>>>

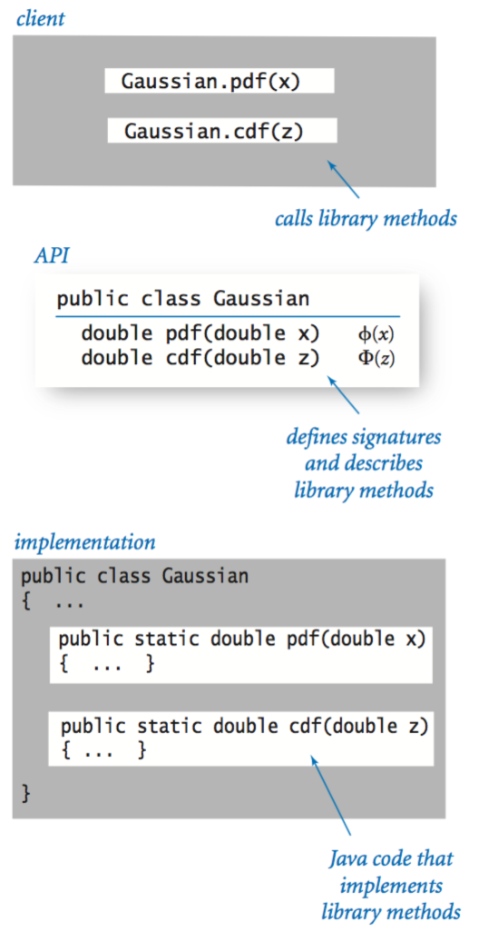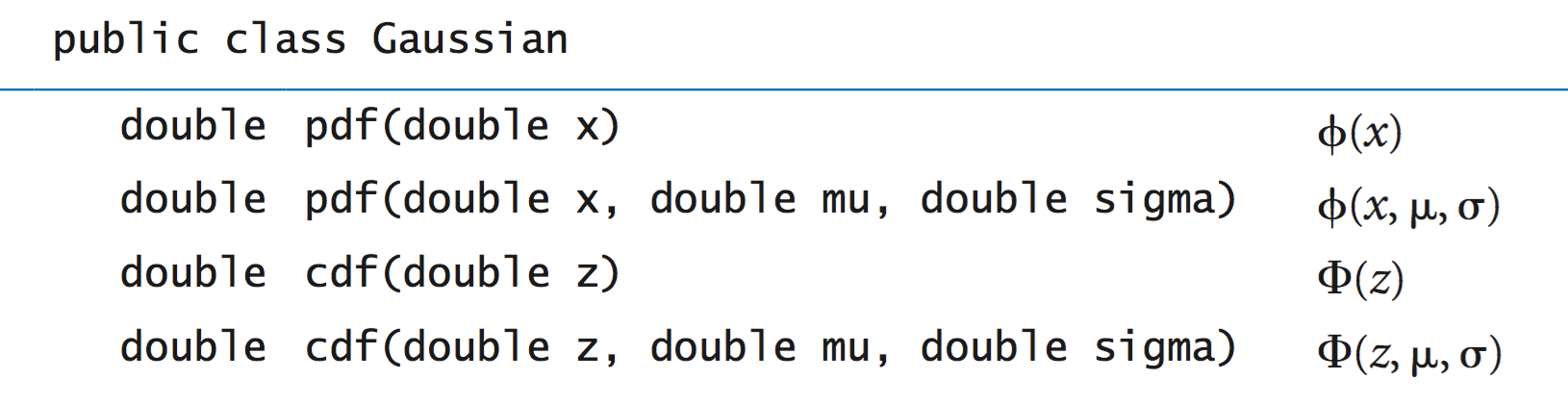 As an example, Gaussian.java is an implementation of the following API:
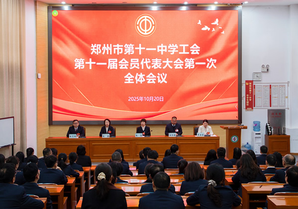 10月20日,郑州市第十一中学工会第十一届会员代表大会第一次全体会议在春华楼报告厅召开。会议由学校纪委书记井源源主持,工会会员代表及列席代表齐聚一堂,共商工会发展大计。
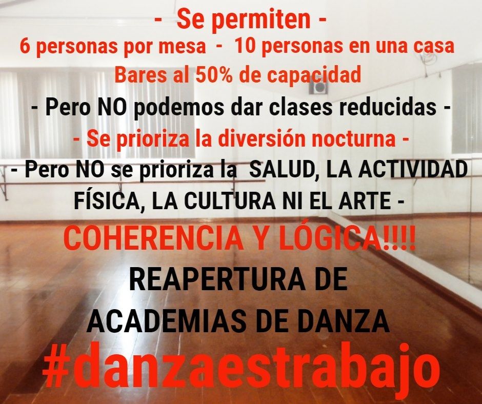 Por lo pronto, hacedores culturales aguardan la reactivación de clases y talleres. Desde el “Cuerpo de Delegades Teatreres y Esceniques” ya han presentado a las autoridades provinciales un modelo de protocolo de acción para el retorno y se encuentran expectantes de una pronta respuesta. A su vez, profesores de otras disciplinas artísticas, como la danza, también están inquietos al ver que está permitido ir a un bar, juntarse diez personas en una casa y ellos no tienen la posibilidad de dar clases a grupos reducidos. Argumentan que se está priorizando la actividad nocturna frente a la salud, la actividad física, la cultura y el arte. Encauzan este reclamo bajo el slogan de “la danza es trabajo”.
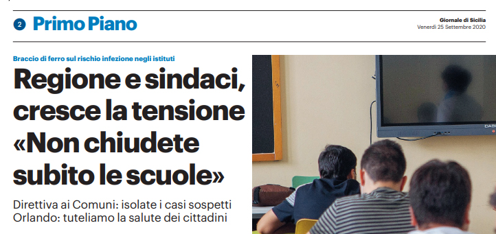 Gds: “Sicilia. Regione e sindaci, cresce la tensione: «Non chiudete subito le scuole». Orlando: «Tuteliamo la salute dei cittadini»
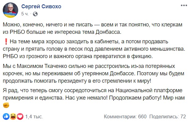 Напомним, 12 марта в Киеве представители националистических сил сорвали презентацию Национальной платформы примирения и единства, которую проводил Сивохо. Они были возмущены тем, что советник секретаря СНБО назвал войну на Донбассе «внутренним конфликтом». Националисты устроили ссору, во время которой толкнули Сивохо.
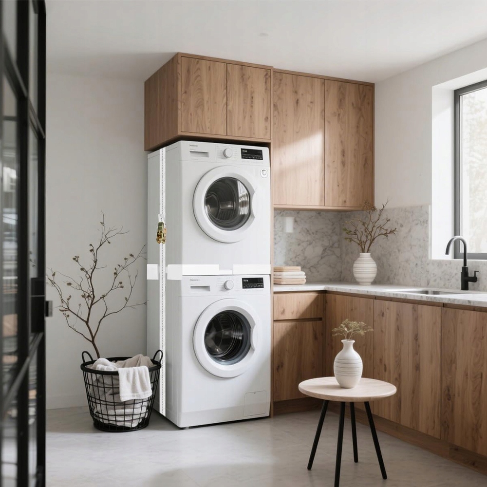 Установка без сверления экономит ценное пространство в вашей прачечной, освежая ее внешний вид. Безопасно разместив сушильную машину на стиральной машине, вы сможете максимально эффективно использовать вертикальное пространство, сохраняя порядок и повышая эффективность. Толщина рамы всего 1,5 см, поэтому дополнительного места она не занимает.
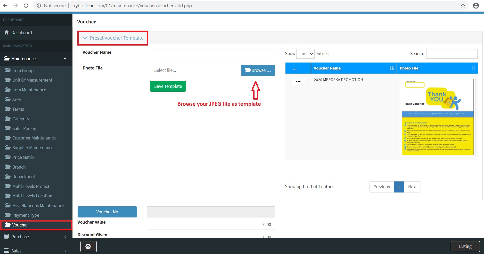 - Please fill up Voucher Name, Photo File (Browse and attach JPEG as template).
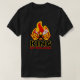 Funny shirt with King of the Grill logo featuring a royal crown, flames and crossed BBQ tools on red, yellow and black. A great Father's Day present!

<<<

**WORK INSTRUCTION:**
Each line above from the one containing "e sindaci, cresce" through the one containing "Напомним, 12 марта" is to be returned verbatim. Nothing else, and no pictures.

**ANSWER BELOW:**
 Gds: “Sicilia. Regione e sindaci, cresce la tensione: «Non chiudete subito le scuole». Orlando: «Tuteliamo la salute dei cittadini»
 Напомним, 12 марта в Киеве представители националистических сил сорвали презентацию Национальной платформы примирения и единства, которую проводил Сивохо. Они были возмущены тем, что советник секретаря СНБО назвал войну на Донбассе «внутренним конфликтом». Националисты устроили ссору, во время которой толкнули Сивохо.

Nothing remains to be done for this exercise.